Я высовываю язык, чтобы доказать ему свою правоту, и опускаюсь обратно в
маленькую кабинку.
«Может, поговорим о чем-нибудь другом? Мне надоело говорить о чертовом Киане
Уокере. Давай просто насладимся вечером и выпьем эти старые скучные стаканы
воды за нашу первую совместную гонку в чемпионате?»
Он прижимает свой стакан к моему, и мир встает на свои места. Вот как я
представлял себе это, когда мы с Джо были малышами и гонки высшего класса
были лишь одной большой мечтой. А теперь посмотрите на нас. Мы добились
своего.
Йоханнес провожает меня обратно в комнату, и тут же наше блаженство лопается
при виде очень разъяренного Киана, скрывающегося за дверью моей комнаты.
Он устало смотрит на Йоханнеса. «Йоханнес», - он кивает.
«Киан», - Йоханнес хлопает меня по плечу, подталкивая к моему новому товарищу
по команде. «Он весь твой».
«Предатель», - бормочу я себе под нос, пока Йоханнес возвращается к лифту и
направляется на свой этаж.
«Какого черта, Харпер?»
«Какого черта, Харпер что?»
Я знаю, зачем он здесь, но сейчас я расслаблен и не могу сдержаться.
«Ты ничего не воспринимаешь всерьез?» - удивительно, что у него вообще остались
зубы, так как он скрежещет ими, пытаясь сдержать свой нрав. Киан замечает
ухмылку на моем лице, и я знаю, что именно это его и выводит из себя.
«Я не могу понять, думаешь ли ты, что слишком хорош для них, чтобы уволить
тебя, или на самом деле ты просто совершенно глуп».
«Это тренинг для СМИ, Киан. Остынь».
Он фыркнул и покачал головой.
«Не знаю, почему я беспокоюсь. Надеюсь, Джеймс, ты и дальше будешь
продолжать проебываться, потому что тогда Андерс бросит тебя, и я получу
достойного товарища по команде, у которого действительно есть шанс на победу».

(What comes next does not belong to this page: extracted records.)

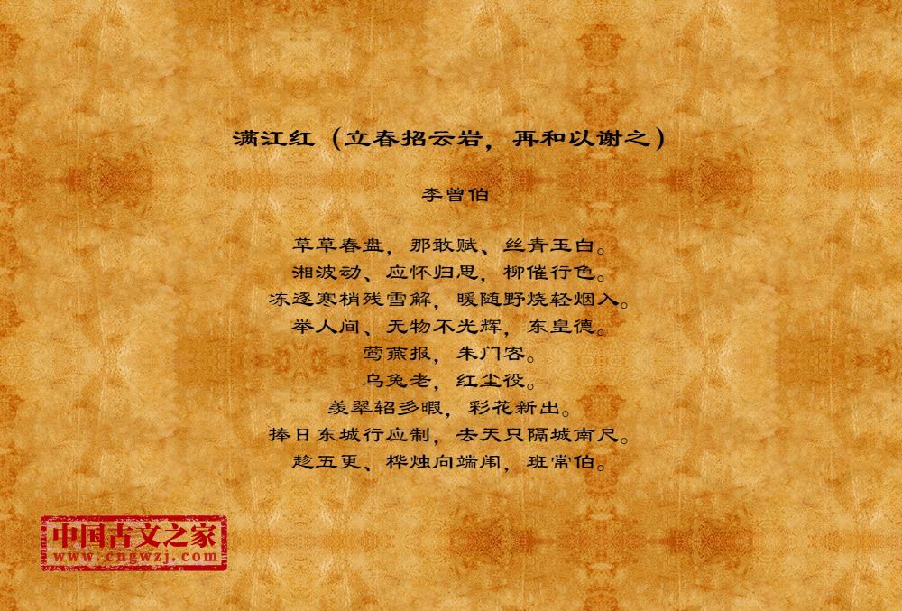 《满江红(立春招云岩,再和以谢之)》的原文打印版(李曾伯)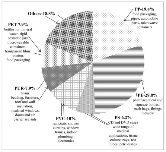 The first synthetic polymer, Bakelite, was produced in the beginning of 20th century; the true mass production of plastics thrived from the 1950s onwards. Over that period, their properties have been continuously improved. The most widely used polymer materials are polyethylene (PE), polypropylene (PP), polystyrene (PS), polyvinyl chloride (PVC), polyurethane (PUR), poly(ethylene terephthalate) (PET), poly(butylene terephthalate) (PBT), and nylons []. Currently, more than 5300 grades are produced for plastic commerce with a range of chemical additives including plasticizers, pigments, stabilizers, surfactants, and inorganic fillers []. Plastics have a wide range of applications in the industries for food and packaging, pharmaceuticals, agriculture, cosmetics, detergents and chemicals, etc. (Figure 2). Synthetic plastics have taken an impressive position in the packaging sector as a replacer of cellulose-based wrapping materials and now account for around 40% of the plastics produced in Europe [].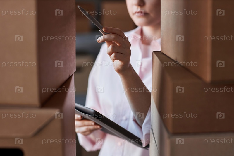 Близкий снимок молодой женщины с ручкой и планшетом, указывающей на одну из посылок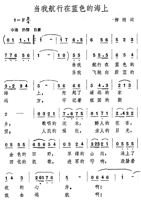> 当我航行在蓝色的海上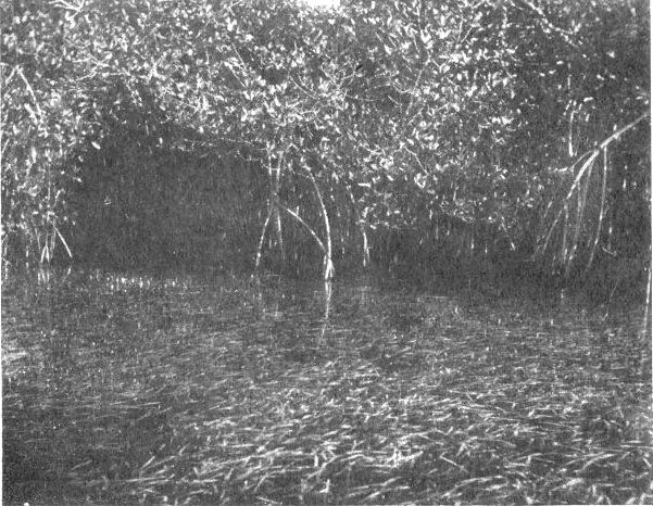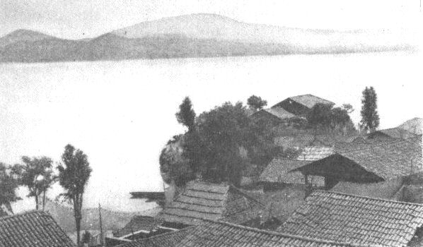 From this summit, our trail plunged downward into this sea of mists. When we reached its upper surface, which was plainly defined, little wisps of mist or cloud were streaming up along the furrowed channels of the mountain walls. As we entered the lake of cloud the sunlight became fainter, uprushes of cold mists struck us, gloom settled, denser and denser grew the fog, drops of condensed vapor dripped from the trees under which we passed. At the bottom of the valley, we could scarcely see a dozen yards in any direction. We were passing along meadows, like those of New England, with brakes, sunflowers, and huckleberries; here and there were little fields of wheat or peas. The fog was too dense for us to know whether we lost fine scenery. We saw nothing of the little villages through which we passed. On and on we plunged along the trail, until it began an ascent of a ridge, almost like a knife-edge, with steep slopes on both sides. When we had reached the summit of this ridge, we found the trail level, through a growth of oak trees which were loaded with bromelias and orchids. Though still dim, the light had brightened as we rose to higher levels. Graceful ferns and sprays of terrestrial orchids overhung our trail at every cutting or slope. One spray, which I plucked as I rode under it, was more than a yard in length, and its curiously colored brown and yellow flowers were strangely like insects in form. At one level summit of our ridge, we came upon a little whitewashed building of adobe, dome-topped, with no windows and but one little door. Pushing this open, I entered through a doorway so narrow that I had to remove my hat, and so low that I was forced to bend, and found myself in a little shrine with a cross and pictures of two or three saints, before which were plain vases filled with fresh flowers, the offerings of travelers. We added our spray of orchids before we resumed our journey.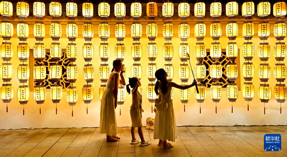 7月7日,游客在江西南昌滕王閣景區附近的半步街打卡留影。

И с этими словами он уходит, высоко подняв голову. Ну и мудак. Как он может
недооценивать меня?
Я почти жалею, что Йоханнес не остался, чтобы он мог увидеть, с кем я работаю.
________
Моя первая квалификация проходит быстрее, чем я мог ожидать, и, несмотря на то, что я новичок на трассе, толпа приветствует меня, когда мы заезжаем в гараж.
Фанаты бросают нам футболки, и я удивляюсь, когда Киан останавливается, чтобы
подписать каждую из них, и пожимает руку каждому ребенку, желающему
получить хоть что-то от своего кумира. Он всегда так сосредоточен на работе. У
него нет времени ни на кого и ни на что. А может быть, у него просто нет времени
на меня.
Однако в гараже царит совершенно иная атмосфера: там работают техники, аналитики, дизайнеры, агенты и сам большой босс Андерс. Все готовятся к началу
сезона. Я просто рад, что вступаю в сезон, когда в машинах остались только
прошлогодние доработки, потому что они были чертовски хороши, и мне не
придется работать над ошибками в совершенно новой, перестроенной машине, которую все еще дорабатывают техники.
Андерс много говорил во время предсезонки о том, что в Хандерсоме нет первого
номера, потому что это не то, как работает его команда, но все знают, что первое
место принадлежит Киану. Понимает ли он, что вся команда вращается вокруг него
и его желаний? Он - яркое пламя для их занятых, порхающих мотыльков. Думаю, мы увидим, что произойдет в эти выходные.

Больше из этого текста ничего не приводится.